EXERCISE BRIEF — Pictures do not belong in the copy; retype the records below exactly.

PROVIDED DATA —
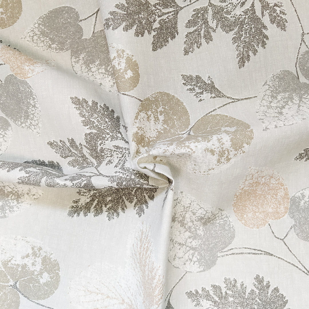 Dekoracyjna tkanina GREAT NATURE w beżowe liście. Klasyczne i delikatne połączenie kolorów ecru i jasnej szarości, tworzy ponadczasowy efekt. Wysokiej jakości tkanina o strukturze tzw. plecionki doskonale sprawdzi się podczas tworzenia dekoracji domu i sal na różnego rodzaju imprezy okolicznościowe. Jest cienka, lekka, nie prześwituje i nie rozciąga się. Jej niewielka sztywność oraz brak elastyczności powodują, że wykonane z niej drapowania i marszczenia gwarantują niesamowity efekt. Tkanina charakteryzuje się niezwykłą wytrzymałością, odpornością na ścieranie i niską kurczliwością. Ponadto jest łatwa w użytkowaniu, ponieważ szybko schnie i nie gniecie się mocno.
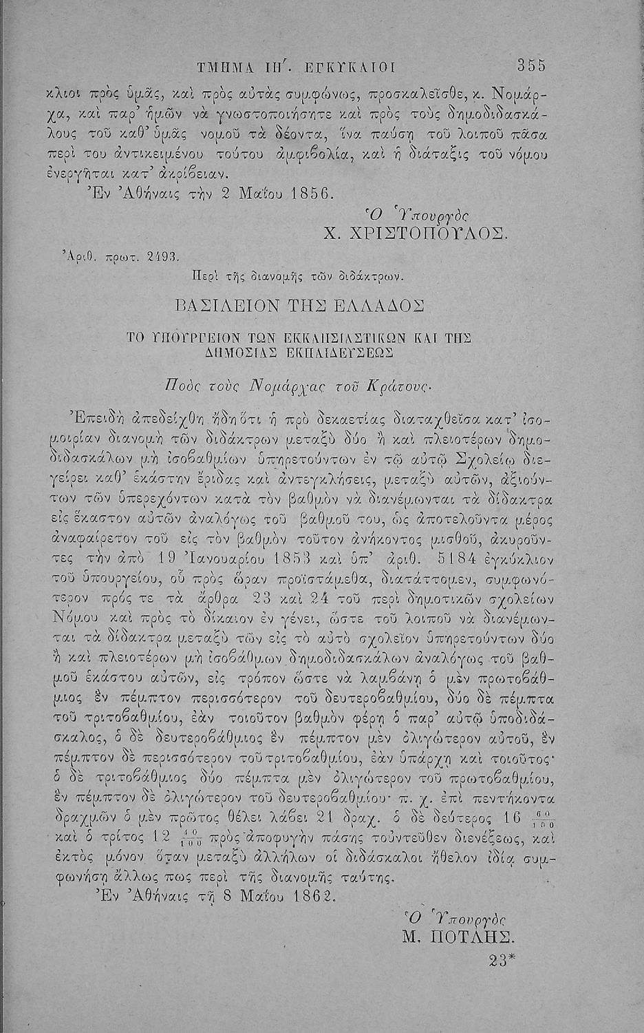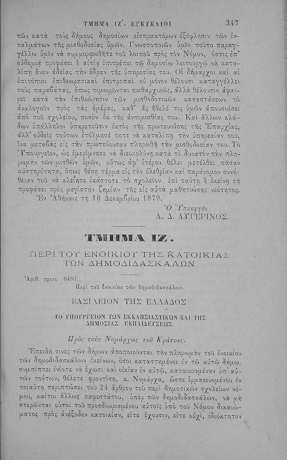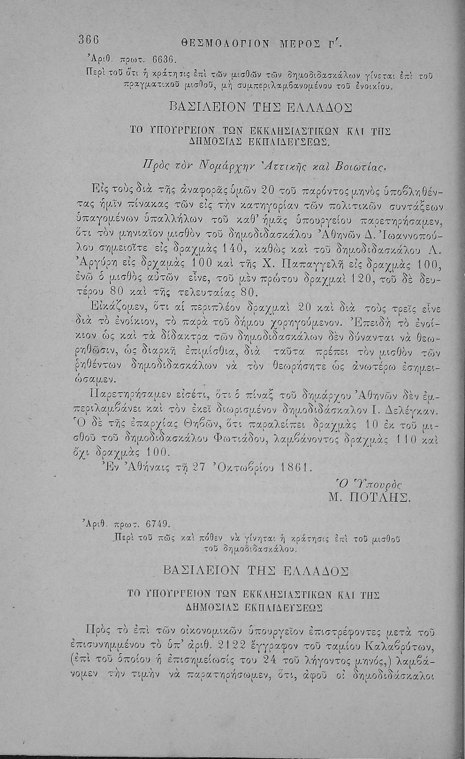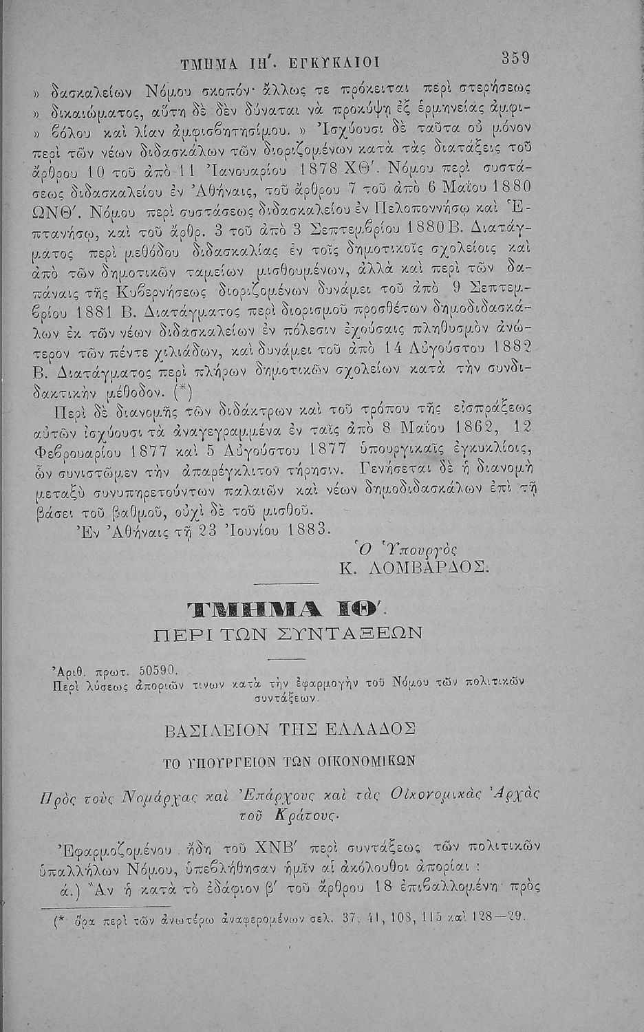 Έκδοση που περιλαμβάνει νόμους, βασιλικά διατάγματα και τις κυριότερες εγκυκλίους της περιόδου 1833-1883 που αφορούν τη Δημοτική Εκπαίδευση και τα Διδασκαλεία καθώς και τα καταστατικά του Διδασκαλικού Μετοχικού Ταμείου και του μετοχικού Ταμείου των πολιτικών Υπαλλήλων. Ο συγγραφέας ήταν Γραμματέας Α’ τάξης του Υπουργείου στο τμήμα Δημοτικής Εκπαίδευσης.
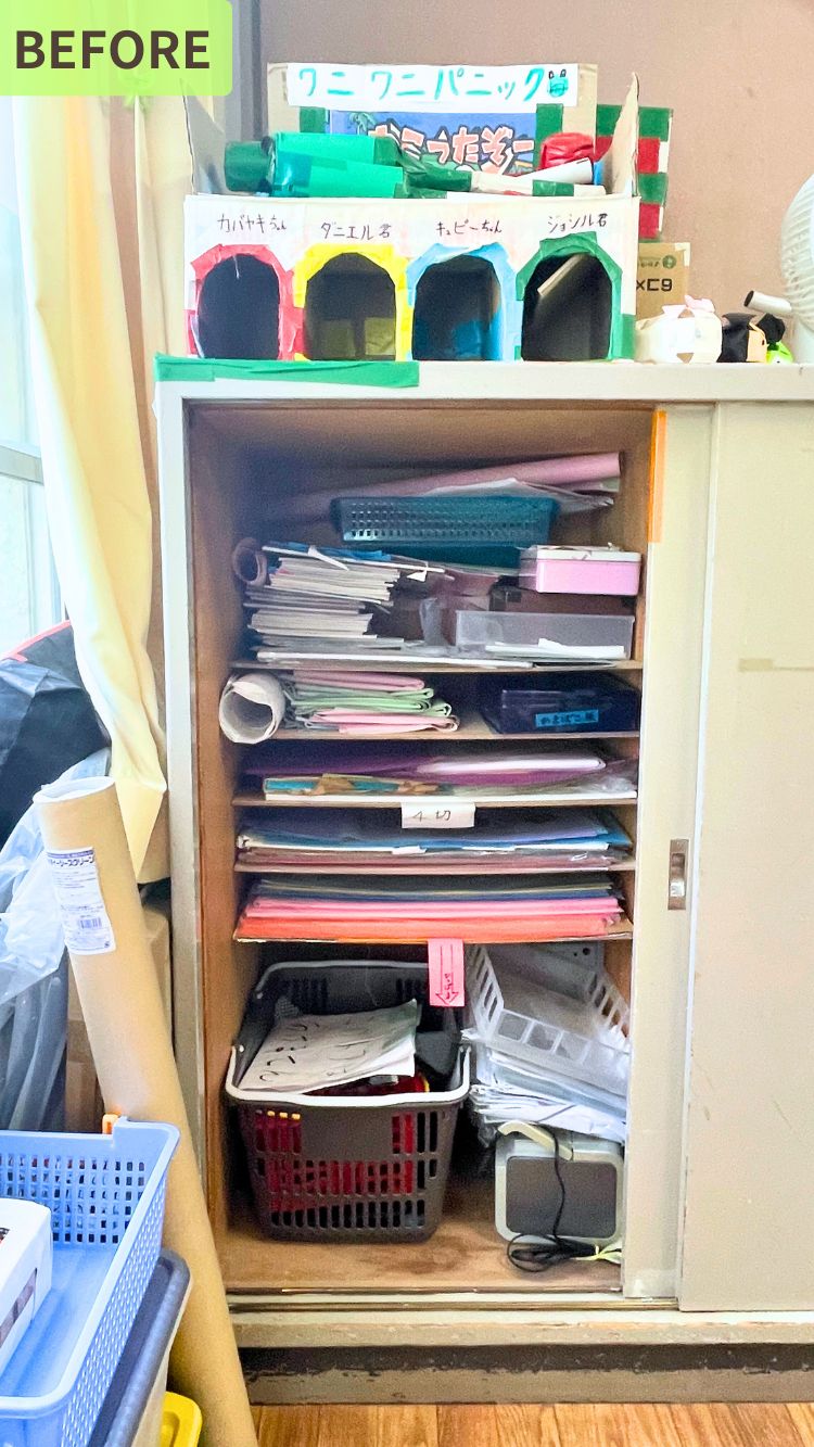備品棚の中には、文房具・テープ類・お菓子・教材などさまざまなアイテムがぎっしり詰まっており、どこに何があるかが分かりづらい状態でした。
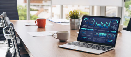 Empty corporate boardroom at night with digital display of performance metrics, graphs and projections on laptop. Modern office reflects business management.
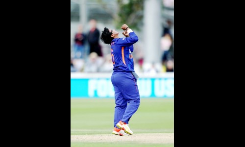 सीमर मेघना सिंगने एम्मा लँबला (12) बाद केल्यानंतर गोस्वामी व स्पिनर्स दीप्ती शर्मा व राजेश्वरी गायकवाड यांनी सातत्याने अचूक मारा करीत इंग्लंडच्या फलंदाजांना जखडून ठेवले. मात्र स्नेह राणा (6 षटकांत 45 धावा), पूजा वस्त्रकार (2 षटकांत 20) व मेघना यांच्यावर त्यांनी आक्रमण करीत भरपूर धावा वसूल केल्याने इंग्लंडला 220 च्या पुढे मजल मारता आली. डॅनी वॅट (50 चेंडूत 43), ऍलाईस डेव्हिडसन रिचर्ड्स (61 चेंडूत नाबाद 50) व सोफी इक्लेस्टोन (33 चेंडूत 31) यांनी उपयुक्त योगदान दिले तर चार्ली डीनने फटकेबाजी करीत 21 चेंडूत नाबाद 24 धावा फटकावत हातभार लावला.
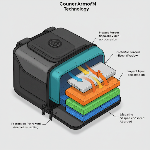 Một trong những yếu tố quan trọng tạo nên sự khác biệt của túi chống sốc tomtoc chính là công nghệ CornerArmor™. Đây là công nghệ độc quyền được phát triển để tăng cường khả năng chống sốc cho túi, giúp hấp thụ và phân tán lực va đập một cách hiệu quả. Khi thiết bị rơi hay bị va đập, hệ thống lớp đệm và công nghệ CornerArmor™ sẽ hoạt động đồng bộ để bảo vệ toàn bộ bề mặt của thiết bị, giảm thiểu tối đa nguy cơ hư hỏng.
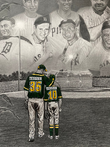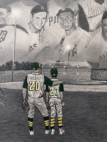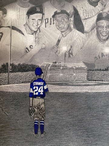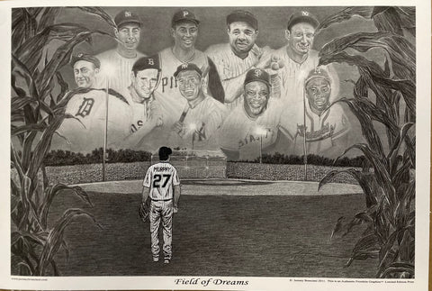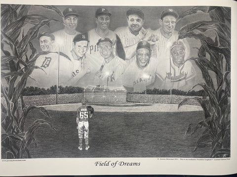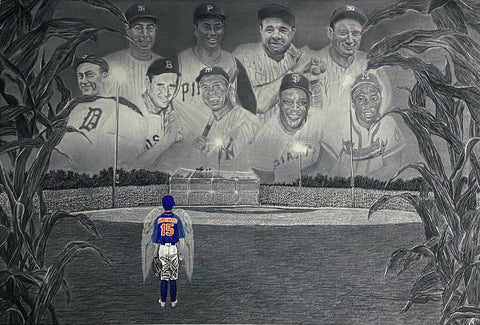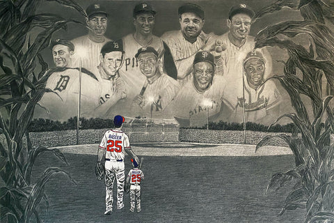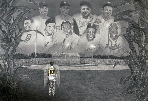 This drawing captures the dream of every young baseball player to one day play in the Majors and combines this feeling with a surreal, magical field hidden in a vast cornfield. Appearing to the boy in his dream are 9 of the most legendary players to ever play baseball: Joe Dimaggio, Roberto Clemente, Babe Ruth, Lou Gehrig, Ty Cobb, Ted Williams, Mickey Mantle, Willie Mays and Hank Aaron.
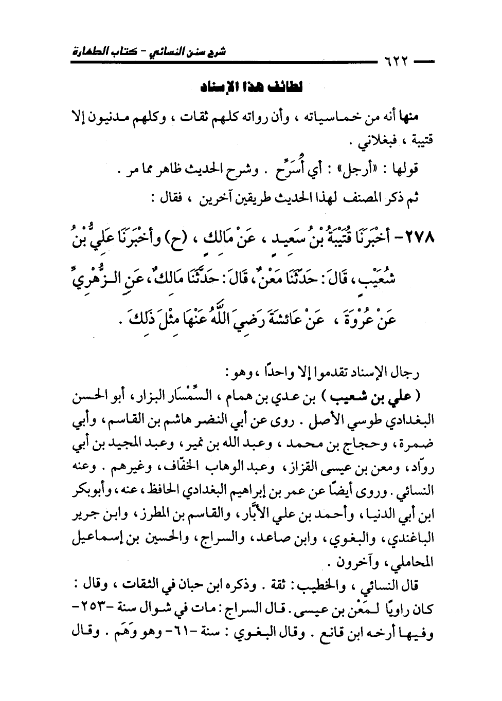 278 - أَخْبَرَنَا قُتَيْبَةُ بْنُ سَعِيدٍ، عَنْ مَالِكٍ، (ح) وَأَخْبَرَنَا عَلِيُّ بْنُ شُعَيْبٍ، قَالَ: حَدَّثَنَا مَعْنٌ، قَالَ: حَدَّثَنَا مَالِكٌ، عَنِ الزُّهْرِيِّ، عَنْ عُرْوَةَ، عَنْ عَائِشَةَ رَضِيَ اللهُ عَنْهَا مِثْلَ ذَلِكَ.
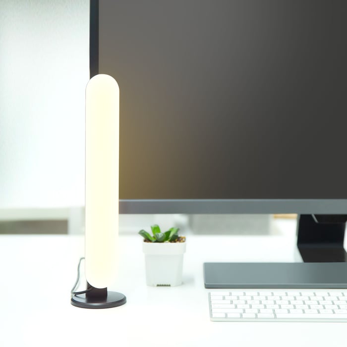 Elegant lyskilde for plassering på bord eller vegg. Kobles til wifi via appen Smart Life – Smart Living for justering av fargetemperatur, lysstyrke og farge og for smart tidsinnstilling og tilgang til timerinnstillinger. Reagerer på musikk og kan skifte lysinnstillinger elegant basert på takt. Kompatibel med Google Assistant og Amazon Alexa for praktisk styring med tale. Leveres med et stativ for plassering på bord og dobbeltsidig teip for veggmontering. Den medfølgende strømkabelen kobles til USB-lader (5V/0,5A) (USB-lader selges separat).
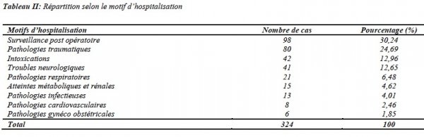 Le tableau II représente la répartition selon le motif d’hospitalisation
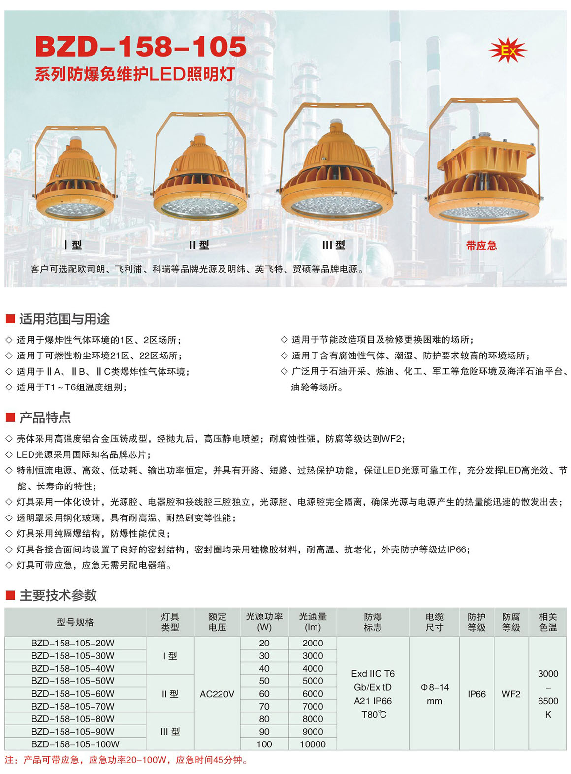 BZD-158-105系列防爆免維護(hù)LED照明燈(ⅡC)

REPLY —
 Dekoracyjna tkanina GREAT NATURE w beżowe liście. Klasyczne i delikatne połączenie kolorów ecru i jasnej szarości, tworzy ponadczasowy efekt. Wysokiej jakości tkanina o strukturze tzw. plecionki doskonale sprawdzi się podczas tworzenia dekoracji domu i sal na różnego rodzaju imprezy okolicznościowe. Jest cienka, lekka, nie prześwituje i nie rozciąga się. Jej niewielka sztywność oraz brak elastyczności powodują, że wykonane z niej drapowania i marszczenia gwarantują niesamowity efekt. Tkanina charakteryzuje się niezwykłą wytrzymałością, odpornością na ścieranie i niską kurczliwością. Ponadto jest łatwa w użytkowaniu, ponieważ szybko schnie i nie gniecie się mocno.
 Έκδοση που περιλαμβάνει νόμους, βασιλικά διατάγματα και τις κυριότερες εγκυκλίους της περιόδου 1833-1883 που αφορούν τη Δημοτική Εκπαίδευση και τα Διδασκαλεία καθώς και τα καταστατικά του Διδασκαλικού Μετοχικού Ταμείου και του μετοχικού Ταμείου των πολιτικών Υπαλλήλων. Ο συγγραφέας ήταν Γραμματέας Α’ τάξης του Υπουργείου στο τμήμα Δημοτικής Εκπαίδευσης.
備品棚の中には、文房具・テープ類・お菓子・教材などさまざまなアイテムがぎっしり詰まっており、どこに何があるかが分かりづらい状態でした。
 Empty corporate boardroom at night with digital display of performance metrics, graphs and projections on laptop. Modern office reflects business management.
 सीमर मेघना सिंगने एम्मा लँबला (12) बाद केल्यानंतर गोस्वामी व स्पिनर्स दीप्ती शर्मा व राजेश्वरी गायकवाड यांनी सातत्याने अचूक मारा करीत इंग्लंडच्या फलंदाजांना जखडून ठेवले. मात्र स्नेह राणा (6 षटकांत 45 धावा), पूजा वस्त्रकार (2 षटकांत 20) व मेघना यांच्यावर त्यांनी आक्रमण करीत भरपूर धावा वसूल केल्याने इंग्लंडला 220 च्या पुढे मजल मारता आली. डॅनी वॅट (50 चेंडूत 43), ऍलाईस डेव्हिडसन रिचर्ड्स (61 चेंडूत नाबाद 50) व सोफी इक्लेस्टोन (33 चेंडूत 31) यांनी उपयुक्त योगदान दिले तर चार्ली डीनने फटकेबाजी करीत 21 चेंडूत नाबाद 24 धावा फटकावत हातभार लावला.
 Một trong những yếu tố quan trọng tạo nên sự khác biệt của túi chống sốc tomtoc chính là công nghệ CornerArmor™. Đây là công nghệ độc quyền được phát triển để tăng cường khả năng chống sốc cho túi, giúp hấp thụ và phân tán lực va đập một cách hiệu quả. Khi thiết bị rơi hay bị va đập, hệ thống lớp đệm và công nghệ CornerArmor™ sẽ hoạt động đồng bộ để bảo vệ toàn bộ bề mặt của thiết bị, giảm thiểu tối đa nguy cơ hư hỏng.
 This drawing captures the dream of every young baseball player to one day play in the Majors and combines this feeling with a surreal, magical field hidden in a vast cornfield. Appearing to the boy in his dream are 9 of the most legendary players to ever play baseball: Joe Dimaggio, Roberto Clemente, Babe Ruth, Lou Gehrig, Ty Cobb, Ted Williams, Mickey Mantle, Willie Mays and Hank Aaron.
 278 - أَخْبَرَنَا قُتَيْبَةُ بْنُ سَعِيدٍ، عَنْ مَالِكٍ، (ح) وَأَخْبَرَنَا عَلِيُّ بْنُ شُعَيْبٍ، قَالَ: حَدَّثَنَا مَعْنٌ، قَالَ: حَدَّثَنَا مَالِكٌ، عَنِ الزُّهْرِيِّ، عَنْ عُرْوَةَ، عَنْ عَائِشَةَ رَضِيَ اللهُ عَنْهَا مِثْلَ ذَلِكَ.
 Elegant lyskilde for plassering på bord eller vegg. Kobles til wifi via appen Smart Life – Smart Living for justering av fargetemperatur, lysstyrke og farge og for smart tidsinnstilling og tilgang til timerinnstillinger. Reagerer på musikk og kan skifte lysinnstillinger elegant basert på takt. Kompatibel med Google Assistant og Amazon Alexa for praktisk styring med tale. Leveres med et stativ for plassering på bord og dobbeltsidig teip for veggmontering. Den medfølgende strømkabelen kobles til USB-lader (5V/0,5A) (USB-lader selges separat).
 Le tableau II représente la répartition selon le motif d’hospitalisation
 BZD-158-105系列防爆免維護(hù)LED照明燈(ⅡC)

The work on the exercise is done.